Starting with accounting treatment, we'll move on to the tax implications. The former must comply with international financial reporting standards (IFRS) to be considered in line with the various UAE regulatory authorities' laws.
Some definitions to lay the ground. A depreciation charge recognises that a physical asset loses value over time, primarily from wear and tear, usage and general perceived value compared with new market offerings in the same space.
The traditional approach is to declare a lifetime – say five years – and then take a charge to the profit and loss on an equal monthly basis until the original cost in financial accounts is zero.

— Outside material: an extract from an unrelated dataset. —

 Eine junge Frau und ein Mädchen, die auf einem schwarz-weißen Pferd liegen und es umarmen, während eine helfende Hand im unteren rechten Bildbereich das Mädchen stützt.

Impairment builds on this. Say you purchased a building in the Dubai International Finance District in 2009. We know there was a global recession and that property values were materially depressed. In 2025, the opposite is true.

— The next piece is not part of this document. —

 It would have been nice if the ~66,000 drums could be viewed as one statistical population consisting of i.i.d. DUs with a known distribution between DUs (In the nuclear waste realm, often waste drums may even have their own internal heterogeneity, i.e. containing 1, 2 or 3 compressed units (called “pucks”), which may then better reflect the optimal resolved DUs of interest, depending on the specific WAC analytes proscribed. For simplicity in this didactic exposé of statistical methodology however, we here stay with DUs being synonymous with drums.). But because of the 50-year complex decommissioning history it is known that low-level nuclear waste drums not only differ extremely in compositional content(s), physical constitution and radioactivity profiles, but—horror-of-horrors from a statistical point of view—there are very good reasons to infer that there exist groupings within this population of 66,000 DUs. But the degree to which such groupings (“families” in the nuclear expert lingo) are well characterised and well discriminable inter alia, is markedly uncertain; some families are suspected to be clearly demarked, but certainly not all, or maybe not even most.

Our depreciation definition above suggests the building would be almost worthless in our financial accounts; however impairment says we must recognise the realisable value were it to be sold today. This is almost certainly much higher than the original purchase price.
But surely you cannot account separately for both? The truth is that we separate the differing elements of the building.
The core structure becomes a property asset and its innards, fixtures and fittings assets. The former is impaired annually and occupies a single accounting line. The latter is depreciated monthly and occupies as many lines as there are items.
The UAE has relatively few mandatory annual financial reporting requirements. Large family and single-person-owned entities do not have shareholders to report to, and these make up a large part of the national economy. Hence there has been no oversight of the valuation of certain asset classes in company balance sheets.
A building might never have had its fittings depreciated or an old building downwards impaired; one that is in need of demolishing and redeveloping. These buildings become purchase or whole entity takeover targets for wise corporate tax planners. Why?
Until this ministerial release, if you could pay less than the accumulated write down to your net profit, you could reduce your tax bill. Years and years of unused tax credits.
Article 2, section 1(a) caps the annual deductible value against corporate tax to 4 per cent of the original cost.
While this closes a tax planning loophole, it raises a question I have asked before. From when does this law take effect? This is important, because it is possible that a reporting entity may have already submitted two tax returns that took full advantage of this scenario.
Happily, this is dealt with in Article 7. It applies from the January 1, 2025. This will cover almost everyone.
Yet, it is possible that an entity has both taken the tax benefit after this date and submitted a return. Say an entity with a March 2024 to February 2025 fiscal year, which filed in May 2025. What do they now do?
The obvious answer is that they must file an amendment to their return having recalculated their final reported position.
It'd be worth contacting the Federal Tax Authority for guidance, not unreasonably, as the legislation has just appeared, and confirm that they have acted in good faith, coupled with reporting in a very timely manner.
There are additional exceptions that should be reviewed – groups and related parties in particular should carefully review and consider their positions, and any decisions already executed.
For example, this decision does not apply to undeveloped or bare land. It applies specifically to investment properties.
Would this include an entity's headquarters, and let us suppose that this is an iconic building or one in a strategic location, meaning its value is likely to rise? International Accounting Standard 40, the tape measure being used, says to me, no.
Corporate lawyers, family offices and some wealthy individuals have much to reconsider here.